December 20, 2024 ยท USTR Tariff Actions ยท View source โ†—

On December 20, 2024, Sam Michel, a spokesperson for the Office of the United States Trade Representative (USTR), issued a statement regarding the African Growth and Opportunity Act (AGOA) Eligibility Review. This announcement indicates that the USTR is actively engaged in assessing the eligibility of countries participating in or aspiring to participate in the AGOA program. The African Growth and Opportunity Act is a cornerstone U.S. trade initiative designed to foster economic growth and development in sub-Saharan Africa by providing eligible countries with duty-free access to the U.S. market for a wide range of products. While the statement confirms an ongoing review process, specific details regarding the scope or findings of this particular eligibility assessment were not included in the provided information.

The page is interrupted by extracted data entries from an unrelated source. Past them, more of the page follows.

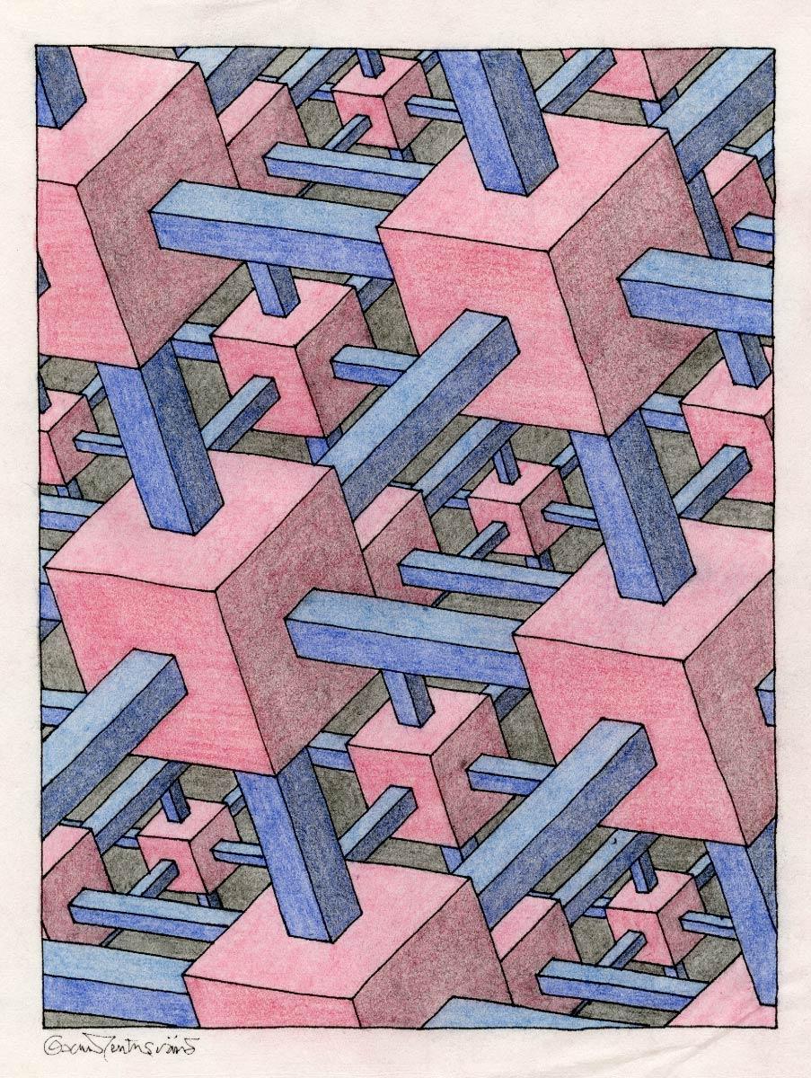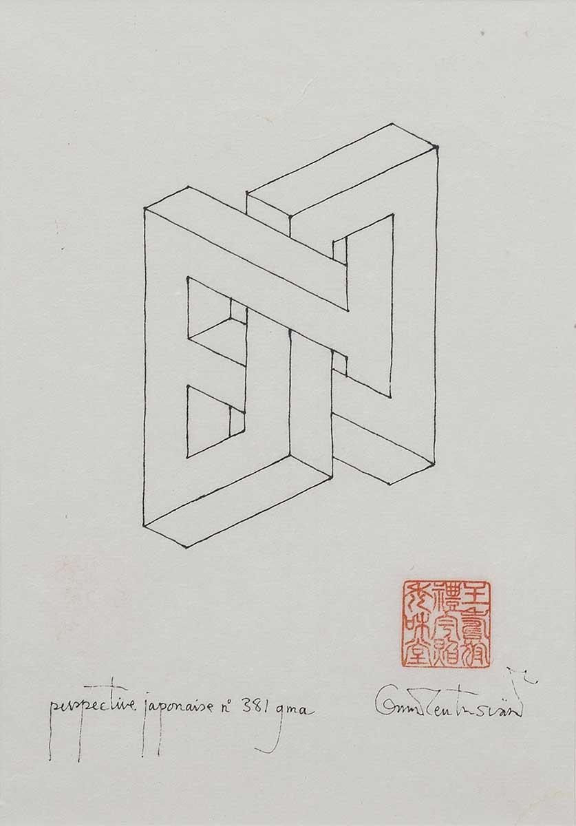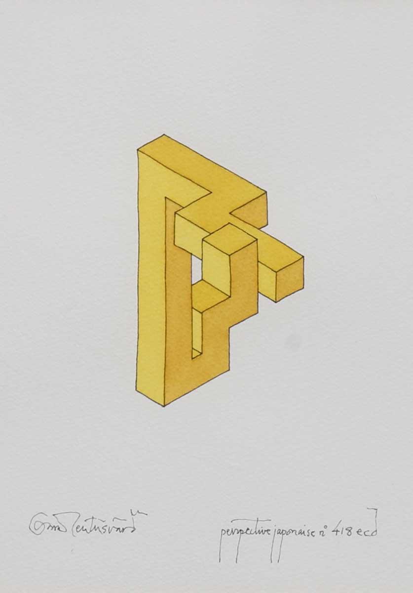 Ook Reutersvärd was overigens niet de eerste die het oog (en daarmee het brein) voor de gek hield. De bekendste voorganger is William Hogarth (1697-1774), die al in 1754 een gravure maakte waarin hij liet zien dat perspectieftrucs de kijker helemaal op het verkeerde been kunnen zetten. Ook Giovanni Battista Piranesi paste in zijn Carceri d’Invenzione dergelijke trucs toe om het duizelingwekkende effect te vergroten. Hij verborg ze echter in een wirwar van muren, trappen en doorkijkjes waardoor hun ‘onmogelijkheid’ niet direct opvalt. In de vorm van trompe-l’œils bestonden optische illusies ook daarvoor overigens al lang. Maar Reutersvärd was de eerste die zich zo consequent met deze vormen bezig zou gaan houden. Hij past daarin steeds dezelfde isometrische projectie toe, waarbij de perspectieflijnen evenwijdig lopen en elkaar niet raken in het verdwijnpunt. Zijn vormen (het aantal loopt in de duizenden) zijn altijd sec getekend, zonder extra figuren of decoraties. Daarmee koos hij voor een andere aanpak dan Escher die zijn onmogelijke vormen verborg in een zo realistisch mogelijk ogende situatie.
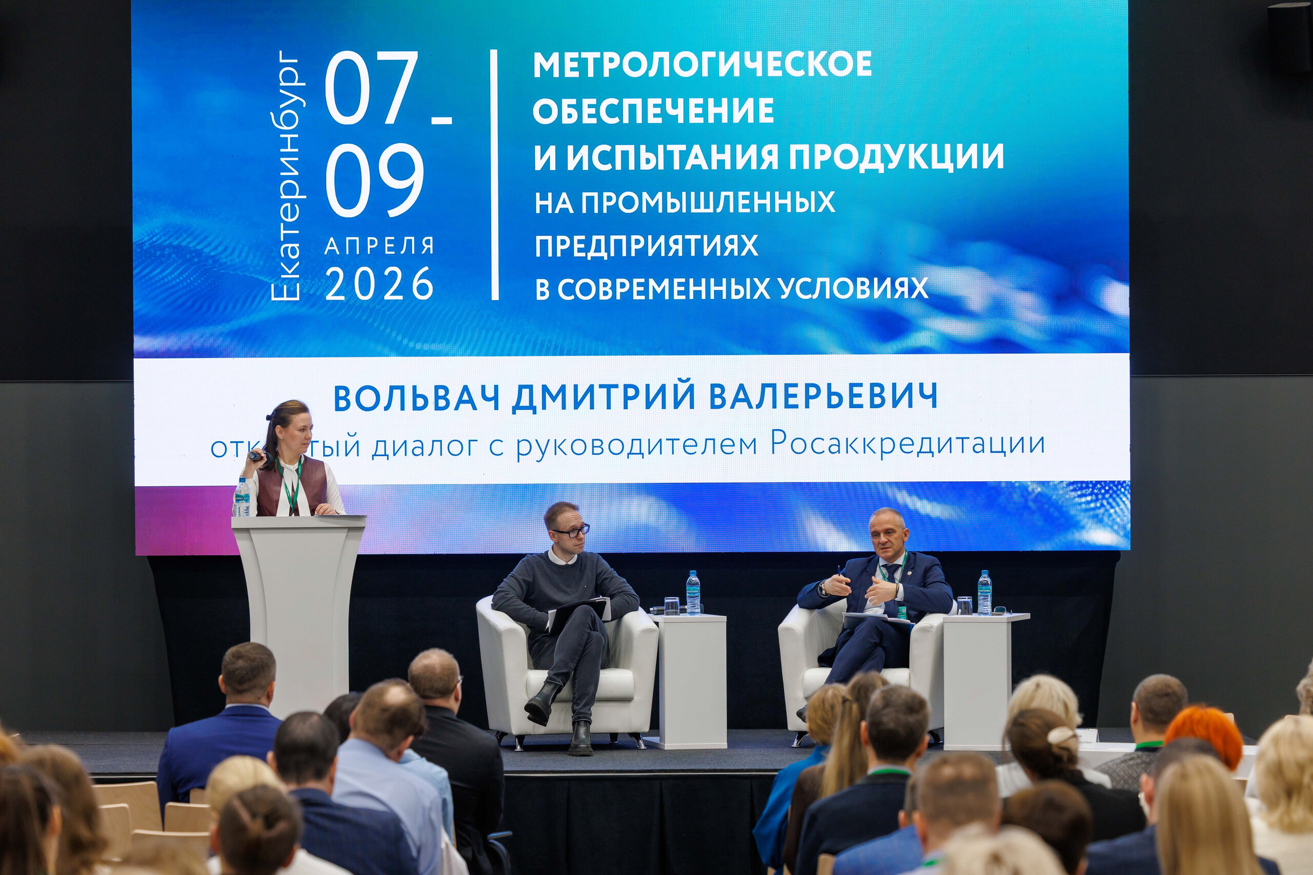 В рамках пленарного заседания состоялся открытый диалог с руководителем Федеральной службы аккредитации Дмитрием Вольвачем, продолжавшийся около полутора часов. Участники обсудили профессиональную подготовку метрологов, обновление парка оборудования преимущественно отечественного производства, совершенствование работы ФГИС Росаккредитации, а также ход взаимодействия с Росстандартом по вопросам оптимизации обмена данными между ФГИС Росаккредитации и ФГИС “АРШИН”.
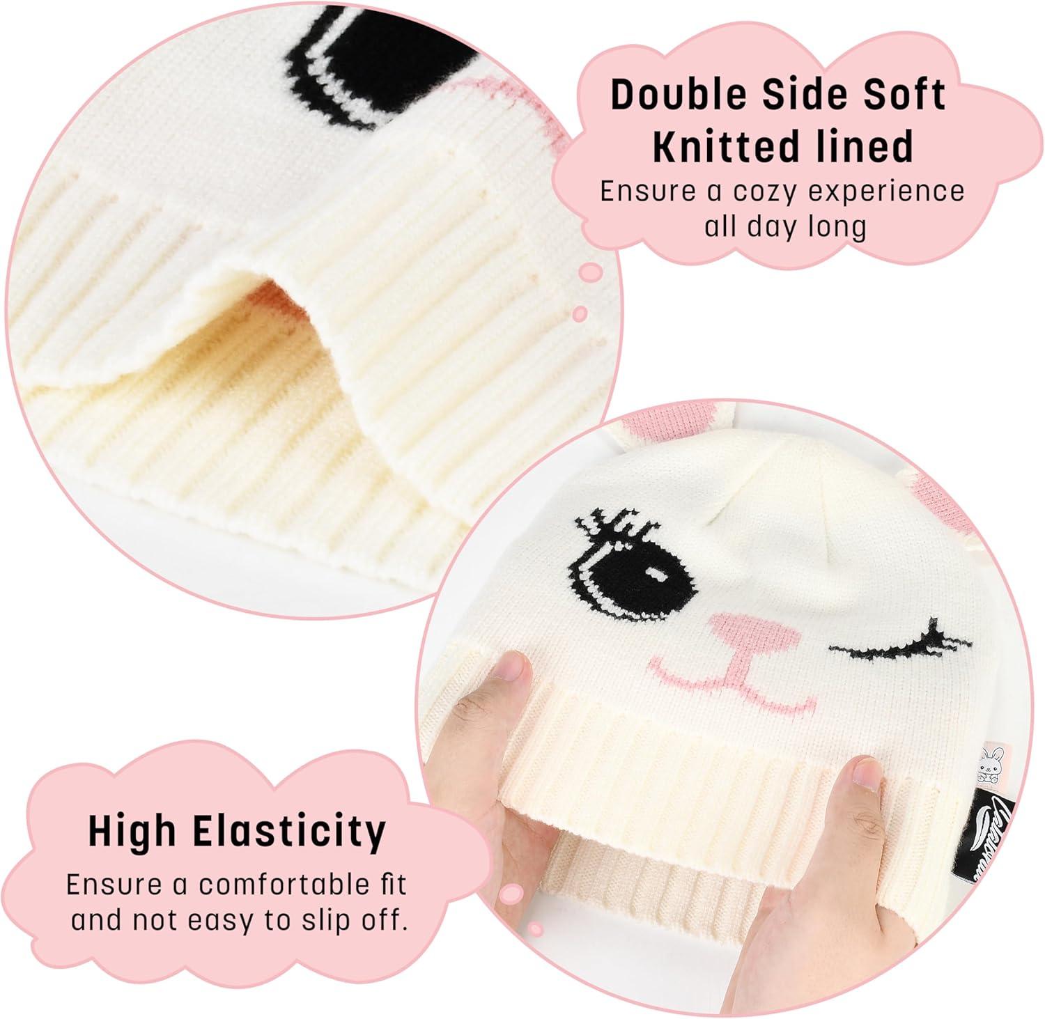 imageCatalonia Kids Knit Hats Warm Toddler Winter Hats Cute Beanies Hat Cap for Boys Girls Aged 610 Gifts Idea For ChristmasRabbit
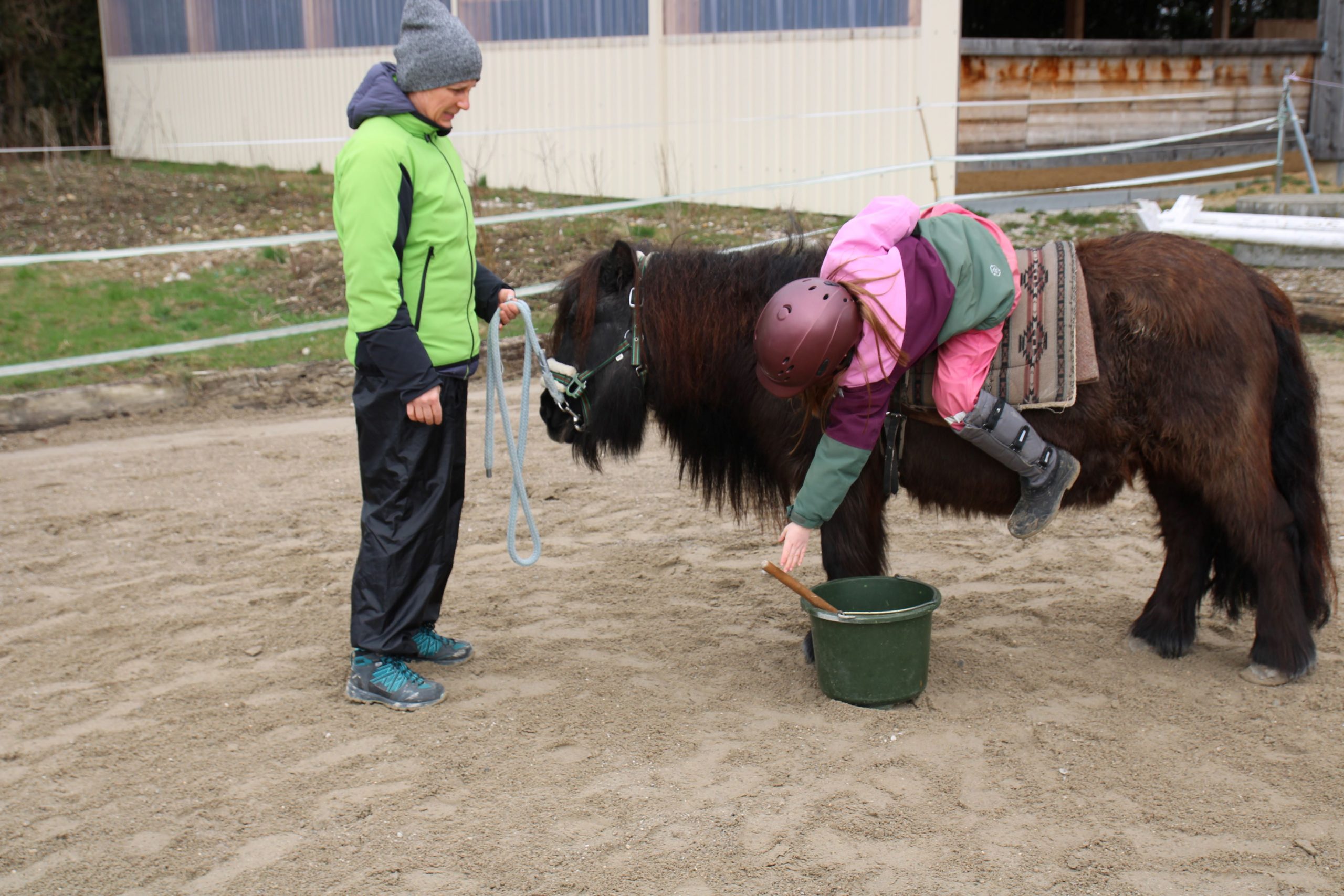Allein die Reise mit dem Großraumtaxi ist für die meisten Kinder ein spannendes Erlebnis. Dort angekommen, werden sie herzlich von der Leiterin Manuela empfangen. Der Kontakt mit den sensiblen Pferden steht im Mittelpunkt des Ausflugs. Sich kümmern, achten und reagieren auf das Gegenüber. Die Kinder dürfen unter gezielter und liebevoller Anleitung die Ponys striegeln, putzen, Hufe säubern, Heu ausmisten, füttern, das volle Programm.
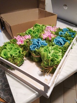 roselline 3rosa 4 verde e 4 celesti con la cassetta

The implications of an AGOA eligibility review can be significant for both the partner countries and U.S. importers. Generally, these reviews assess whether countries meet the statutory eligibility requirements outlined in AGOA, which include criteria related to market-based economies, rule of law, human rights, and efforts to combat corruption. Countries found to be out of compliance may face a loss of AGOA benefits. However, the specific countries currently under review or the particular aspects of their eligibility being scrutinized were not detailed in the USTR spokesperson's statement as provided. Importers should understand that any changes to a country's AGOA eligibility status could directly impact their sourcing strategies and cost structures.

Regarding specific rates and dates, the provided information does not specify any new tariff rates or future deadlines beyond the date of the statement, December 20, 2024. The core benefit of AGOA is the provision of duty-free treatment for eligible products from eligible countries. Should a country's eligibility be altered or revoked following a review, imports from that country would typically revert to Most Favored Nation (MFN) tariff rates, or other applicable trade preference program rates, if any. Importers are advised that any such changes would be communicated through official USTR channels and typically involve a period of notice before taking effect.

For importers, customs brokers, and trade compliance officers, the key takeaway is to remain vigilant and proactive. While the details of this specific eligibility review are not yet public from the provided source, it signals ongoing scrutiny of AGOA beneficiaries. Companies sourcing goods from sub-Saharan African countries, or those planning to do so, should closely monitor official announcements from the USTR for any subsequent press releases, Federal Register notices, or public statements that might provide further information on the outcome of this review or any changes to country eligibility. Maintaining a clear understanding of the AGOA status of your supply chain countries is critical for accurate customs declarations and effective trade planning.